Unraveling Diagnostic Error: Delving Deeply to Identify Hidden Human Factors

In my view, the IOM’s report did not address the impact of social, economic, and workplace stressors on human performance. These stressors may impact cognition, compounding the pitfalls associated with common diagnostic biases and pressure-driven overutilization of clinical heuristics that may direct clinicians away from looking for exceptions to rules and for a broader range of experiences. As a result, then, these stressors affect diagnostic accuracy.

Enhancing quality of investigations

The National Patient Safety Foundation (U.S.) and the Health Quality Council of Alberta (Canada) have developed investigation methodologies (National Patient Safety Foundation, 2015; Duchscherer & Davies, 2012) designed to improve investigations’ quality, consistency, and reliability, thus resulting in actionable recommendations for improvement. These methodologies employ a Donabedian (2005) focus on structures, processes, and outcomes for identifying the factors contributing to patient safety incidents. Both approaches encourage deep diving (Weick & Sutcliffe, 2007), which is vitally important to high-reliability organizations that value the contributions of frontline staff. Both approaches, too, specifically avoid attempts to assign personal blame.

In too many instances, investigations look to assign blame to one or more individuals without fully identifying and understanding the factors that interfere with human performance, both in the diagnostic and procedural realms. In my view, if an investigation concludes that an individual was uniquely responsible for a patient safety incident, then that investigation has not delved deeply enough to identify the human factors contributing to that individual’s error. Only by identifying these human factors will real opportunities for improvements be identified and actionable steps be taken to improve outcomes. Reasons for mistakes must be identified and modulated for us to achieve success, and blame has no role in this.

Investigating the factors affecting human performance may be part of a “root cause” analysis, but more appropriately, it may require a separate investigation that includes experts in human factors analysis, especially if professional performance issues may need to be addressed.

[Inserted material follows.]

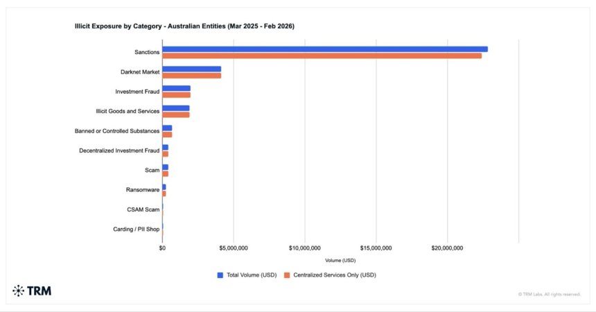 Nielegalna aktywność związana z kryptowalutami w Australii stanowi bardzo niewielką część całego rynku. Z analizy firmy TRM Labs wynika, że mniej niż 1% wszystkich transakcji on chain między marcem 2025 a lutym 2026 było powiązanych z nielegalnymi podmiotami. Oznacza to, że zdecydowana większość operacji w ekosystemie kryptowalut odbywa się w legalnych celach finansowych i biznesowych.

The following case studies point out some of the pitfalls of assessing individual human performance within the context of a patient safety incident investigation.

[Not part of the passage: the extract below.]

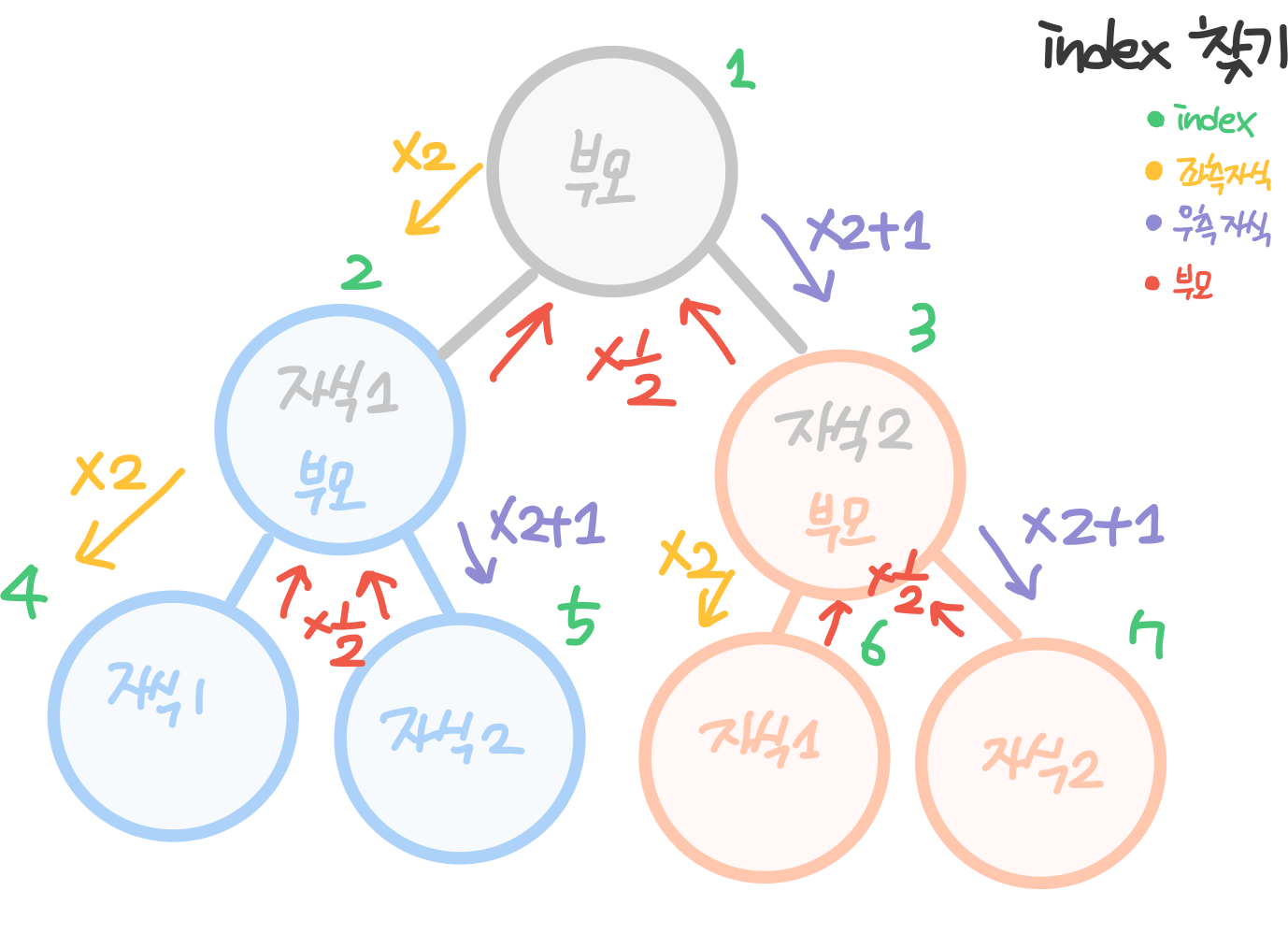 Index 값을 좌측 자식은 부모 노드의 x2,

Case study 1: Emergency department chaos and diagnostic delay

A 3-year-old child presented to a busy urban emergency department (ED) with low-grade fever (38oC), lassitude, anorexia, urinary frequency of several days’ duration, and a history of minor urinary tract infections. Her single-parent mother was a recent Haitian immigrant with limited English fluency. The child was initially assessed by a triage nurse, baseline labs were ordered per ED protocol, and the child was assigned a non-urgent priority for physician evaluation.

The child was first seen by a physician two hours later. The physician spoke some French, and she obtained an additional history of polyuria and maternal sickle cell trait. The father’s sickle cell status was unknown. The child looked reasonably well, with no CVA tenderness, and a presumptive diagnosis of urinary tract infection was made, pending lab results. The physician left instructions with a nursing assistant to be contacted when the results, expected shortly, were available. Unfortunately, the laboratory studies, including a blood count, blood culture, electrolyte panel, and urinalysis, were never performed, though the specimens had been obtained at triage. When an ED nurse became aware of this, she prompted the lab, and the studies were then performed after the initial long delay.